Department of Politics - Princeton University Princeton University

Multi-Center Graduate Student Competitive Dissertation Award

Graduate Student Competitive Dissertation Award:

The Mamdouha S. Bobst Center for Peace and Justice in conjunction with the Niehaus Center for Globalization and Governance and the Center for the Study of Democratic Politics at Princeton University announce a new graduate competitive dissertation grant to be awarded to the most promising graduate student dissertation research projects. These awards, ranging from $15,000-20,000, will be offered to up to one qualifying Princeton doctoral student in each of the following sub-fields: American politics, Comparative politics and International relations. Application deadline is Thursday, November 16. Proposal and submission guidelines will be found below.

Note that students may simultaneously apply to both this grant program and the regular twice-per-year Bobst graduate dissertation and pre-dissertation research grants.

 

Guidelines for the Multi-Center Graduate Student Competitive Dissertation Award:

Research proposals must contain:

  • A clear argument, testable hypotheses, with attention to alternative explanations
  • A research design
  • Clear statement of the question that the project will try to answer. Devising a clear and feasible research question is often the toughest part of the job. Remember that a question ends with a question mark; it is not an allusion to a broad topic area. “I want to understand why some people decide to vote while others do not” is a question, while “voting behavior” or “turnout” are both topics.
  • A paragraph on the significance of the project. Social resources are scarce. Why is it important to find an answer to the question you have posed? Does the question have policy significance? Will it produce insight important to a lot of people? To whom does your answer potentially matter?

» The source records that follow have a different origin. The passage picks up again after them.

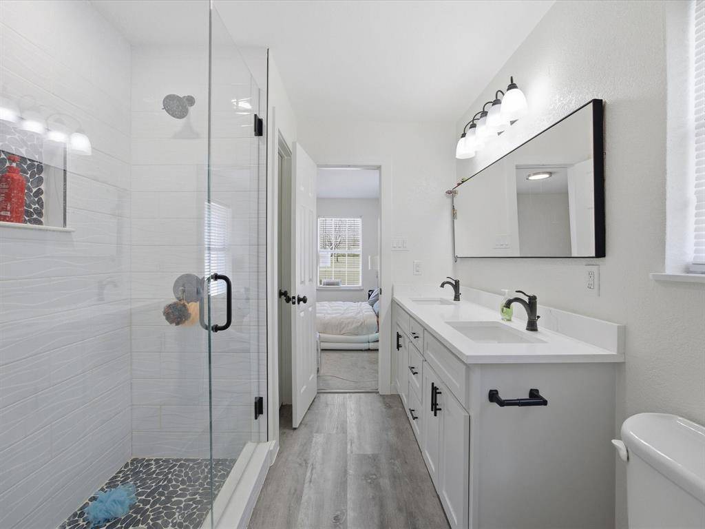 The kitchen is designed for function with ample cabinetry, stainless steel appliances, generous prep space, and a large center island for gathering. The primary suite offers a relaxing retreat, complemented by an updated bath featuring dual sinks and a sleek, glass-enclosed shower. Flexible secondary spaces can serve as bedrooms, a home office, hobby room, or workout area, and the oversized garage provides extra room for storage, projects, or weekend hangouts.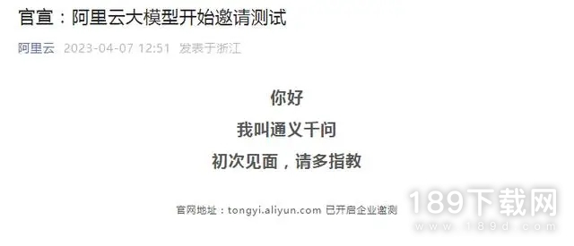 4月7日,阿里云在其官方公众号中宣布,大模型“通义千问”开始邀请测试。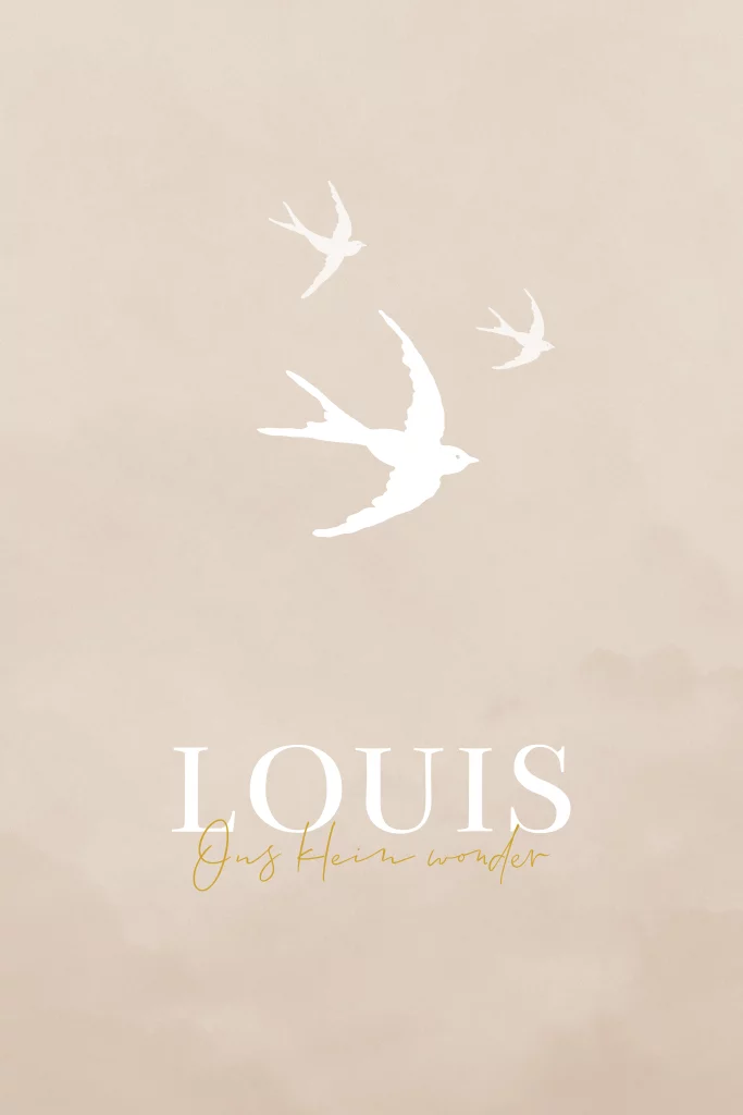 Geboortekaartje met drie witte zwaluwen op een beige achtergrond. Pas tekst, lettertypes en kleuren eenvoudig aan in de online editor.

Have others pointed to the importance of the subject?
  • A well-developed literature review that outlines the answers others have offered to this question or to related questions and a note about why you consider these answers inadequate. In a short proposal, we do not ask you to go into great detail, but no one should offer a proposal without having done some investigation first. In a few rare instances we may accept proposals that simply state your thoughts about the likely answer to the question, but in almost all instances reviewers want to see that you have done some homework.
  • Your own tentative answer, hunch, or hypothesis and why you think it holds promise.
  • A detailed description of the research design, including data collection strategies and supplementary materials (questionnaires, datasets, open-ended interviews, etc.). What information must you obtain to determine whether your favored answer is wrong or whether alternative plausible answers are wrong? How will you secure this information? Through case histories? Small surveys? Examination of patterns in client records?
  • Remember that interviews and surveys usually require university human subjects clearance, under federal law. Please consult the university websites on this subject (OPR). If you are using publicly available historical materials or survey data, you may not need this clearance but pending the identifying information of subjects, you might. It is your responsibility to become familiar with the rules and prepare your project for review. If you do not have clearance by the time the committee makes its decisions, the Center may make an award pending receipt of the IRB waiver or approval.
  • If you propose to carry out work abroad, you are required to register in accordance with University regulations before your departure.
  • A working bibliography and/or footnotes that clearly show you know the scholarship related to your topic even if you have not read everything on the subject.
  • A budget which offers a reasonable description of expenses related to your research (transportation, survey costs, accommodation and meals, visa costs. Any travel-related expenses must conform to the University’s travel expense policy found here: https://finance.princeton.edu/policy-library/travel-entertainment/travel-policy/.

 Note to Graduate Students

  • Please make sure you discuss the proposal with at least two advisors who can provide letters of reference.
  • If your budget includes the payment of research assistants who are members of the Princeton University community, that portion of the award will be held and paid out for you within the University’s financial systems. The disposition of the remainder of the award will be determined by you: either it will be held internally so that you may have your own University credit card for your research expenses, or the funds will be transferred to your bank account via direct deposit.
  • There is a twelve page limit for your proposal submission, including your budget page.